** Records for this exercise follows **
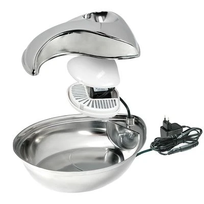 Elegante bebedero para gatos y perros pequeños en acero inoxidable. Su forma en gota de agua aportará un toque de estilo a tu hogar.
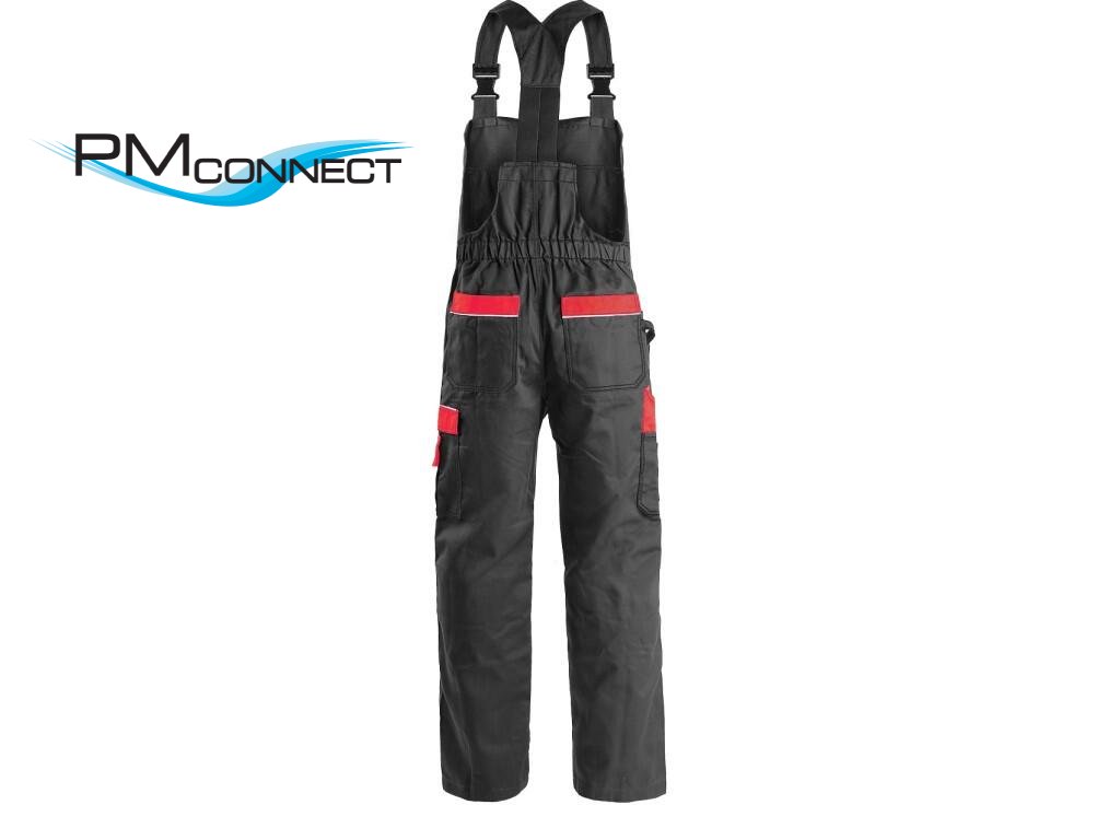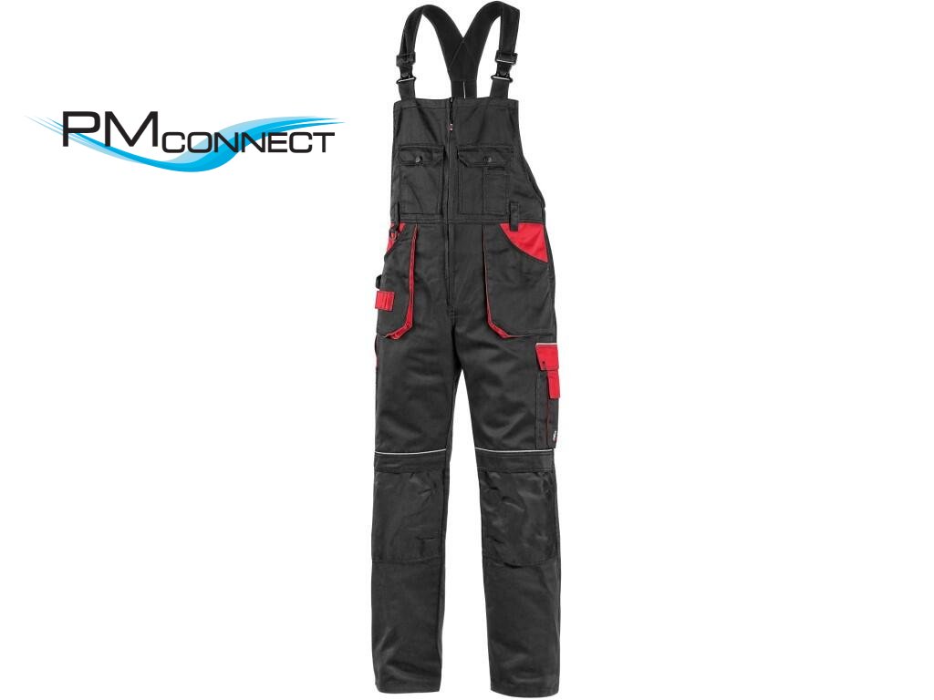 Pánské montérkové kalhoty s náprsenkou, náprsní kapsy s klopami, pas s poutky na opasek, vzadu do gumy, přední kapsy s poutky na nářadí, multifunkční kapsy na obou stranách, kolena zesílena 600D polyesterem s možností vložení kolenních výztuh, dvě zadní kapsy, jedna na suchý zip, šle s gumou vzadu, reflexní doplňky. Doporučené použití: stavebnictví, strojírenství, lehký průmysl, automobilový průmysl, logistika, skladová manipulace, spedice, autoservisy, údržba, montáže, zemědělství, zahrada, hobby.Doplňkové parametry
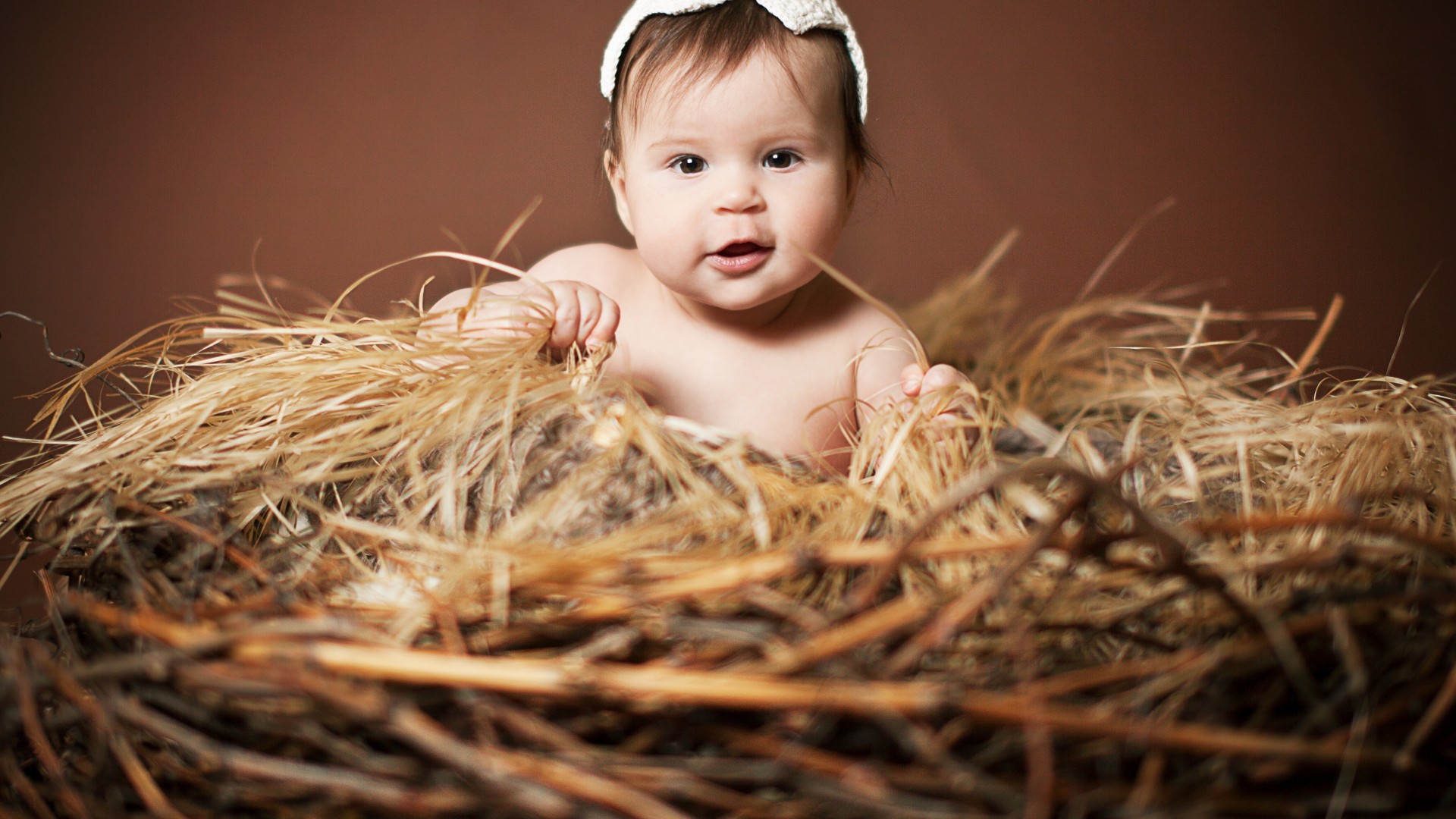 Обои: Малыш в гнезде из сена
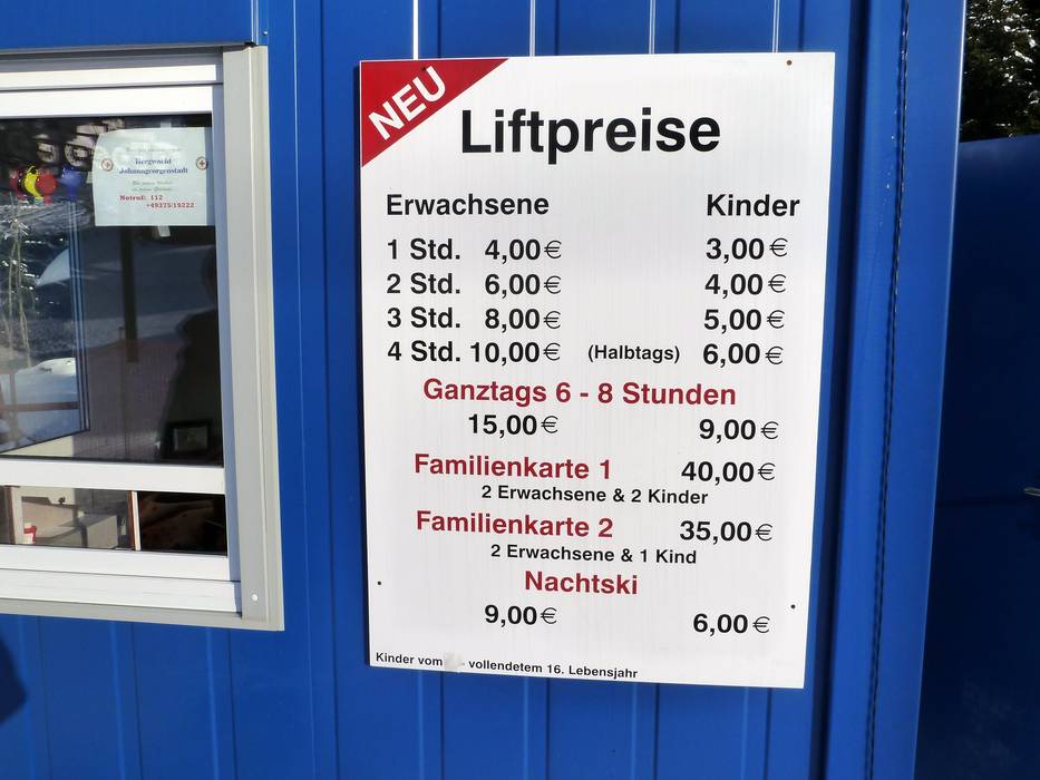 | Nota: Gli orari d'esercizio sono indicazioni generali fornite dal comprensorio sciistico Johanngeorgenstadt - Külliggut e possono variare in funzione di circostanze particolari, giorni settimanali, vacanze scolastiche e festività. | |
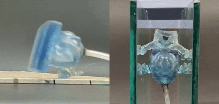 さらに、ロボットが生物のように移動、回転、姿勢の制御を行うための、胴体や脚のような複雑な構造が創発的に設計可能なことを示すとともに、空気圧で動くソフトロボットを試作し、実際に機能することを確認しました。
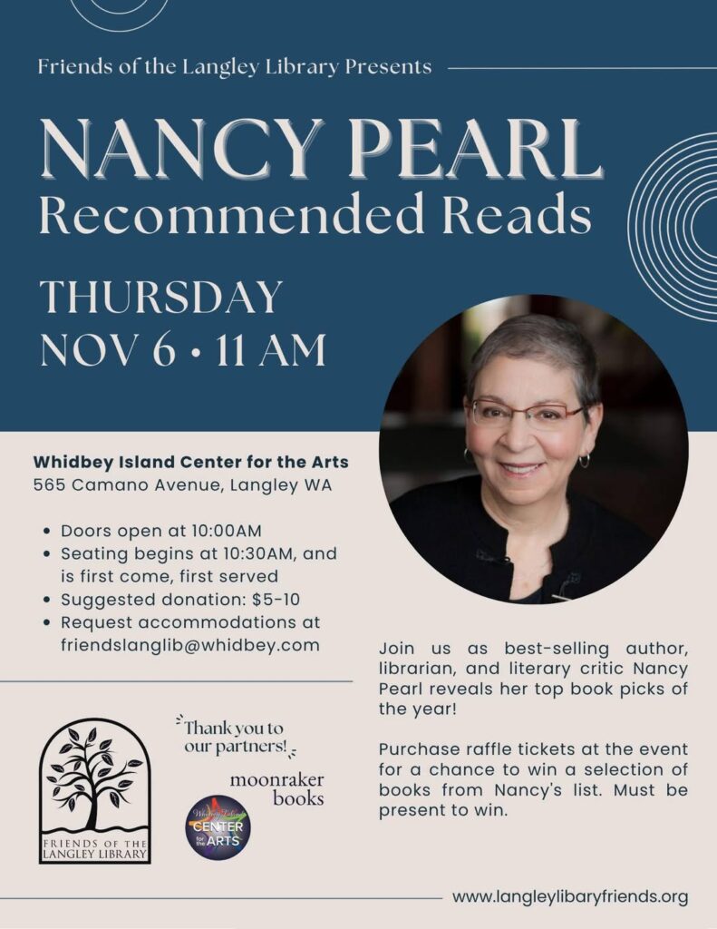 Join the Friends of the Langley Library as we welcome the wonderful Nancy Pearl back to Whidbey Island! A best-selling author, librarian, and literary critic, Nancy has dedicated her life to celebrating the joy of reading and sharing the belief that books can change lives.
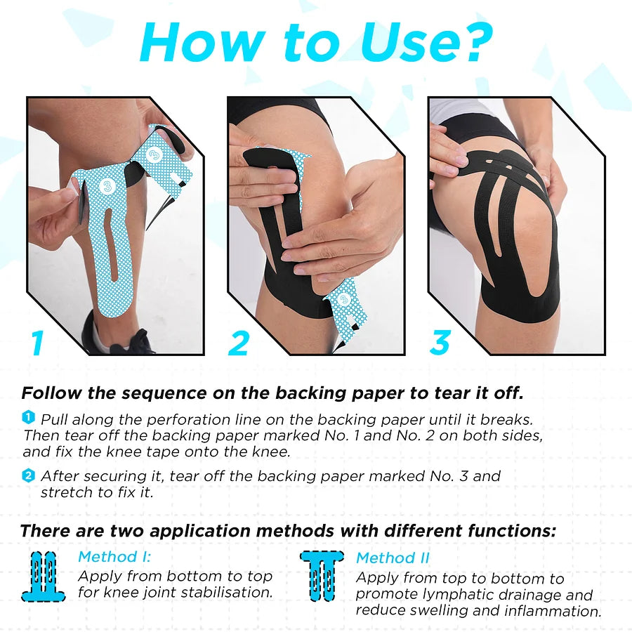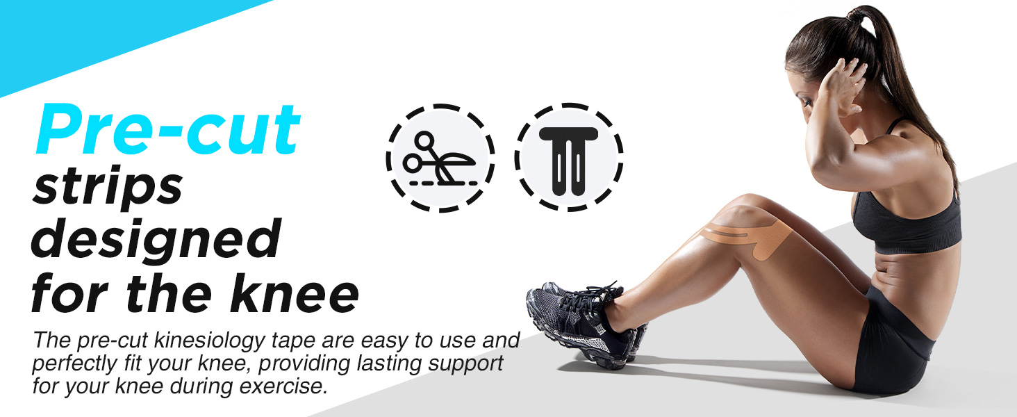 Unique Pre-Cut Design: Our pre-cut kinesiology knee tape are specially produced for use in knee, so tape fits your knee tightly. You can get most knee support & protection when active.
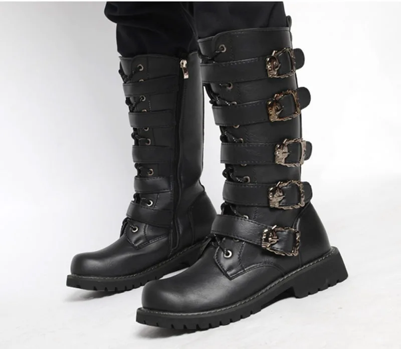 Men's Leather Boots Gothic Belt Punk Boots Men Shoes
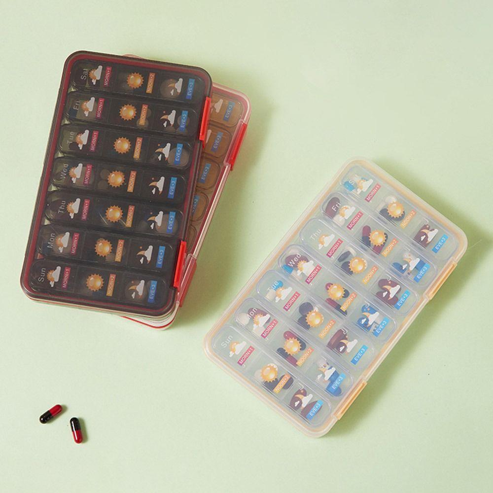Sliding Cover Design 7-Day Pill Organizer 21 Grid Medicine Storage Box for Travel Household
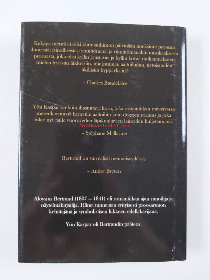 Muu(t) tekijä(t): Aki Salmela, Tommi NuopponenMerkinnät: omistajamerkintä & exlibris: P. A-OAlkuteos: Gaspard de la nuit
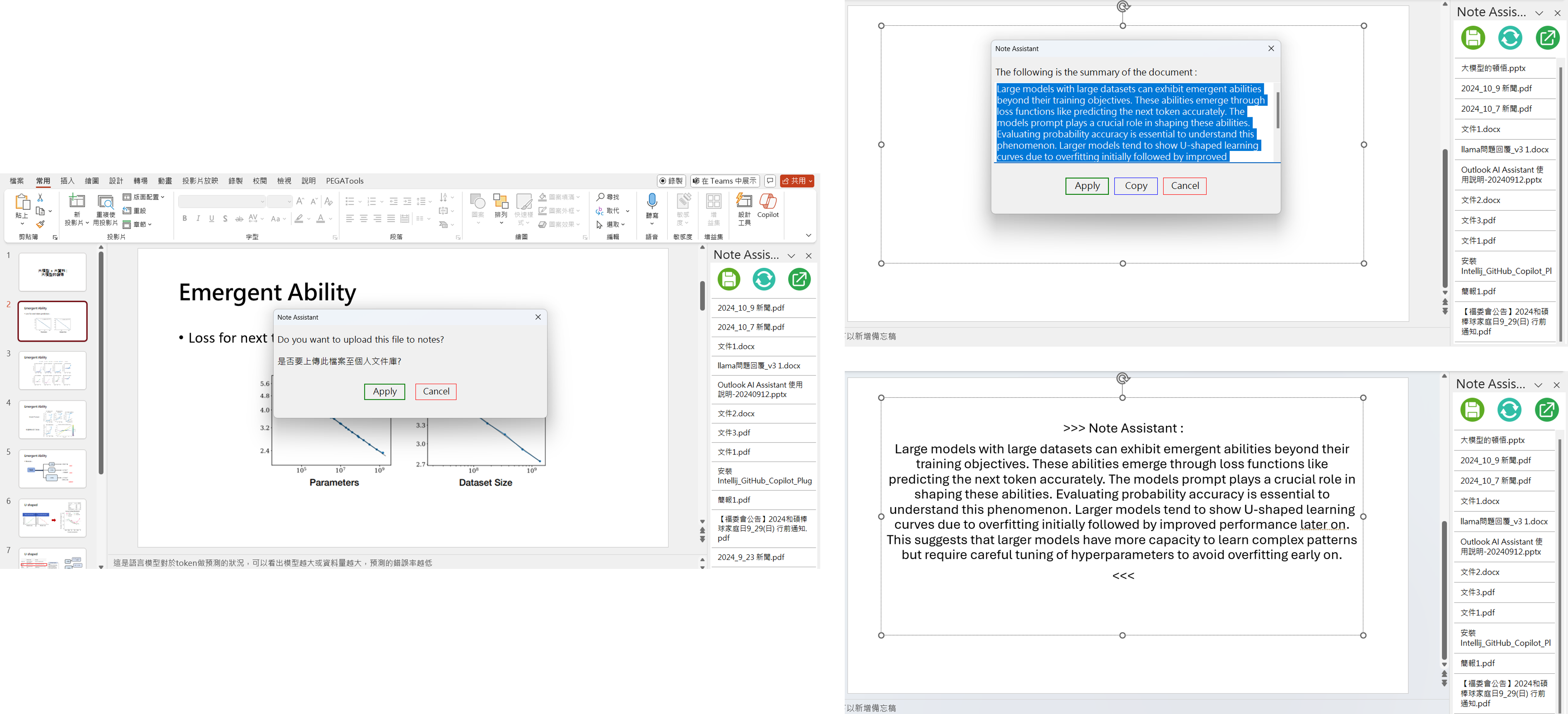 使用方式: 點選 Save this file to my notes,按下視窗的 Apply 後,便會上傳至 Note Assistant,上傳完成後,就會於右邊的列表中更新目前的上傳文件。點選列表中的文件,就會跳出有該文件內容摘要的視窗,使用者可編輯視窗中的文字,按下 Apply 便可插入至簡報中。
** End of Records for this exercise **
▶ Work instructions:
Please return the data above exactly as it stands from the line with "Unique Pre-Cut Design: Our" to the line with "Men's Leather Boots", keeping both of those lines but none of the pictures.

▶ Task response:
 Unique Pre-Cut Design: Our pre-cut kinesiology knee tape are specially produced for use in knee, so tape fits your knee tightly. You can get most knee support & protection when active.
 Men's Leather Boots Gothic Belt Punk Boots Men Shoes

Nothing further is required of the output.